この世界には時限爆弾のような呪いが散らばっていること。
その呪いが爆発するまで、あと数年しかないこと。
爆発したら世界は滅びるということ。
呪いを解除するためには古代魔法が必要ということ。
全世界で勢力をあげ、どうにか魔法書らしきものは見つかったが、誰も見たことがない文字で記されていたこと。
研究も虚しくその文字はいまだ解読されていないこと。
この国ーーーアメイユというらしい、アメイユ国王が、夢で神のお告げを聞いた。救世主(俺?)が近くエメラ近郊の森に降臨するという内容だったこと。
その救世主は、黒曜石のような黒髪、黒い瞳を持つ青年だということ(黒曜石はさすがに盛りすぎ)。
そして、その青年が、誰も読めなかった魔法書を解読するということ。

「や、い、いみ、分かんないです」
「けれど現に、きみはこの本を読むことができた。そうだね?」
「そ、そうです、けど……」
「時間がないんだ。魔法書は全部で十冊ある。世界各地に散りばめられた呪いは、そこに載っている古代魔法で解くことができる。

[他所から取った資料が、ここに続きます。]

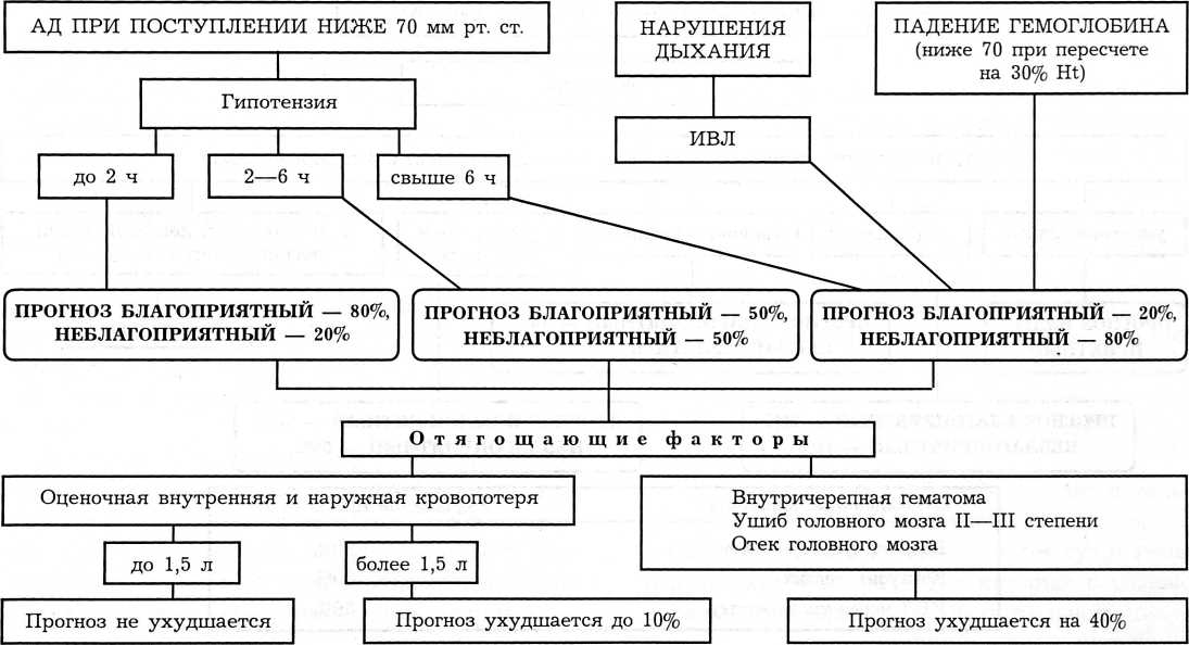Схемы 2а и 2б отражают алгоритм прогнозирования летального исхода вследствие острой кровопотери. Это осложнение наиболее значимо у пострадавших с сочетанной травмой ОДА (2-я группа). Основными прогностическими признаками являются: степень снижения артериального давления при поступлении, длительность периода гипотензии, степень падения гемоглобина, нарушение дыхания. Учитывается также оценочная внутренняя и наружная кровопотеря из мест повреждений (которую можно рассчитать лишь приблизительно по характеру повреждений костей и мягких тканей): если она меньше 1,5 л, то прогноз не ухудшается, если больше 1,5 л, прогноз ухудшается в пределах 10%. В 3-й группе внутричерепные гематомы, ушиб головного мозга II—III степени и сопровождающий их отек головного мозга ухудшают прогноз на 40%.

協力してくれないか。きみの力が必要なんだ」

ベッドの傍らに傅いて、シルヴァンは俺の手を握った。
真剣なまなざしをぶつけられて、どきどきする。

「それに……御宣託のとおりなら、きみは異界から来たんだよね。もとの世界に帰るための魔法も載っているかもしれないよ」
「あ……」
「こんな言い方は卑怯だと分かっているけれど、……シエル、自分の場所に戻りたくはない?」
「……」

正直に言えば戻りたくない。
あんな人生に帰るならここでのたれ死んだほうがましだ。
……だけど、それを口にするのはみじめだった。
ただでさえ、童貞を自らバラすという愚行を犯しているのだ。これ以上情けない思いはしたくない。